Channel Zero: Dream Door is Dramatic, Silly, and Scary

Guest Post

The first three seasons of Syfy’s Channel Zero found clever ways to combine fears that veered closer to traditional horror film iconography with those based in the existential and emotional. Indeed, the show’s ability to do just that is certainly a part of why it is arguably the best horror show currently on television. While Channel Zero has cycled through evil puppets, monsters made of teeth, memory clones, cannibals, psychotic dwarves, and meat-men, it has also explored horror present in the everyday: the guilt of losing a loved one, fear of your own mind turning against you, the pain of lingering memories, etc. The emotional depths that Channel Zero so frequently explores are a huge part of what makes the more visceral horror elements work, investing us not only in characters’ safety but often their emotional well-being and ability to live a happy life.

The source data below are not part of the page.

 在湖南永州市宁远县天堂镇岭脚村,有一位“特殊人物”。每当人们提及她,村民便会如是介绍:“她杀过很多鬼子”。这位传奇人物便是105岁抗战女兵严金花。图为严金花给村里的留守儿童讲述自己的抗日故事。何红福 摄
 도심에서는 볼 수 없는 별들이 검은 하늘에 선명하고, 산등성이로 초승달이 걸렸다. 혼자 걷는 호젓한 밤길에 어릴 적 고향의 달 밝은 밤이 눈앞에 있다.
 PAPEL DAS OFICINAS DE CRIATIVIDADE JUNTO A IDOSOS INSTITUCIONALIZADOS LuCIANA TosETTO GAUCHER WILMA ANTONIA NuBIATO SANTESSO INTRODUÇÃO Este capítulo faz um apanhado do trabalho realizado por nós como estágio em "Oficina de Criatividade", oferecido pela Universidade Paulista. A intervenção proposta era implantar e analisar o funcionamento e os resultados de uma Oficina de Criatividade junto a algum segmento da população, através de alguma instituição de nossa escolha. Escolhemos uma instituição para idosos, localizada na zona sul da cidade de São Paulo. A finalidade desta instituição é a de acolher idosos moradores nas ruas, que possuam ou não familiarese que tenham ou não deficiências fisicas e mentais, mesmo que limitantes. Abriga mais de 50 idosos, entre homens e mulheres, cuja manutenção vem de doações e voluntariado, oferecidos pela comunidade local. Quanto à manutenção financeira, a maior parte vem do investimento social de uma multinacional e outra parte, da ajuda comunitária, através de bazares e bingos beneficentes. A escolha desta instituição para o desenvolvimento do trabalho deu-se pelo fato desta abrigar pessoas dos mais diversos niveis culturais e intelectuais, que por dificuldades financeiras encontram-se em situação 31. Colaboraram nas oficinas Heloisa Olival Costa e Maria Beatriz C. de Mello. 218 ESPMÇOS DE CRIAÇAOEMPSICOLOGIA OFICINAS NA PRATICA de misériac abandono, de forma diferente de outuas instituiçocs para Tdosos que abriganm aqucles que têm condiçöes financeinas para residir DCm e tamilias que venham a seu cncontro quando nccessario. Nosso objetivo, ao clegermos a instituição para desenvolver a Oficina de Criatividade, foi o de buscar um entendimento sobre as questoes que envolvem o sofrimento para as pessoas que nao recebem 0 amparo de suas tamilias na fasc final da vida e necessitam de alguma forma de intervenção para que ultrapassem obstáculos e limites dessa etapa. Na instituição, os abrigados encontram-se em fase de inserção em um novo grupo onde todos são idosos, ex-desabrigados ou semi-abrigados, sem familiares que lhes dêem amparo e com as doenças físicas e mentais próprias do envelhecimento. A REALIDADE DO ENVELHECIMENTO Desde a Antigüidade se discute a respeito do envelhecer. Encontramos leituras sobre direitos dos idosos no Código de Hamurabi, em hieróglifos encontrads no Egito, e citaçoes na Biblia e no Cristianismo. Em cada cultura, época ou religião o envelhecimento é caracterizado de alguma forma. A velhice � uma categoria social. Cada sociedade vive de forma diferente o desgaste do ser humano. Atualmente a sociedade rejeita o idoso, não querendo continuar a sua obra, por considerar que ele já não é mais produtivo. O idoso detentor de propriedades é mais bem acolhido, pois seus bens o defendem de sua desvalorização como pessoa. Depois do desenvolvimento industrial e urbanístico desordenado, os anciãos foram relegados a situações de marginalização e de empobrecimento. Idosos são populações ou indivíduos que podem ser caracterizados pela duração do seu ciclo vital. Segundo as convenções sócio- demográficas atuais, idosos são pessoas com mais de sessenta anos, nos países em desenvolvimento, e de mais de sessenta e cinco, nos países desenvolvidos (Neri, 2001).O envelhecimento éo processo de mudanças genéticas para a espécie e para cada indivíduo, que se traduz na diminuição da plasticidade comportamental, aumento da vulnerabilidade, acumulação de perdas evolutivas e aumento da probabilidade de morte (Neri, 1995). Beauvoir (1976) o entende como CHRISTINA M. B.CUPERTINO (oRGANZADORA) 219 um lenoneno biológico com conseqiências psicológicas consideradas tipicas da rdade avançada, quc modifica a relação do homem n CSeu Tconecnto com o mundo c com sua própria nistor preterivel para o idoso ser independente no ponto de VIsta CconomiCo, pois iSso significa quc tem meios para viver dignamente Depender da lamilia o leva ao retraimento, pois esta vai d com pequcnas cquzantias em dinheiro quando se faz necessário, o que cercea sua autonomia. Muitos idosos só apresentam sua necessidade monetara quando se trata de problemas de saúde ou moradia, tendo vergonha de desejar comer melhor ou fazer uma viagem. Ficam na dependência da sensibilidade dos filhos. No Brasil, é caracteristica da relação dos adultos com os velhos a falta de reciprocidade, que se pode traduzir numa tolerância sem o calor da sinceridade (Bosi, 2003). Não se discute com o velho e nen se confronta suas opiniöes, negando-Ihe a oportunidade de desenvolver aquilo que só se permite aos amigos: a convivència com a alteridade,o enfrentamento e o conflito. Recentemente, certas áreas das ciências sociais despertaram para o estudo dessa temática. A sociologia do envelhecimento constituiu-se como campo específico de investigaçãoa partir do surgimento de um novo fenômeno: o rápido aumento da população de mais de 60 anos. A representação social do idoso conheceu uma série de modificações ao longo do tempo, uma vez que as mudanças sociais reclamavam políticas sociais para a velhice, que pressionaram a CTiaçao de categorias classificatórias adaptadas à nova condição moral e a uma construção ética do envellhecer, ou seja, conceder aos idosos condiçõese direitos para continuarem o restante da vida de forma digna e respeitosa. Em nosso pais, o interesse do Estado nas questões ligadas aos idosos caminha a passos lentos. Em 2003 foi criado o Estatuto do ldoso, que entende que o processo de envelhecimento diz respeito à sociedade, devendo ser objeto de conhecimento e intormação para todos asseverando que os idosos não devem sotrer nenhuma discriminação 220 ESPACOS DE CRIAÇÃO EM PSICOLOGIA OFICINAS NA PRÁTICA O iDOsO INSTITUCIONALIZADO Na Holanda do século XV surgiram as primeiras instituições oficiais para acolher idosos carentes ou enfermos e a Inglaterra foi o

And thus we open the Dream Door, the title of Channel Zero’s fourth season, directed this time by indie horror director EL Katz (Cheap Thrills, Small Crimes). While season one started with a nightmare sequence, and seasons two and three with more traditionally visceral horror sequences, this new season begins with a sex scene. And yet, the sequence feels uneasy: Katz starts with a shot of a conspicuously absent home, slowly and ominously zooming into nothing in particular. Additionally, the first sounds we hear are moans, but without seeing the individuals moaning, it’s tough to tell whether they’re sounds of pleasure or screams of pain. While the opening of Channel Zero: Dream Door departs from more traditional horror, it’s still clear that something is off here, and, to Katz’s credit, this mood never lets up; in fact, it snowballs into even greater tension as we are introduced to our cast of characters.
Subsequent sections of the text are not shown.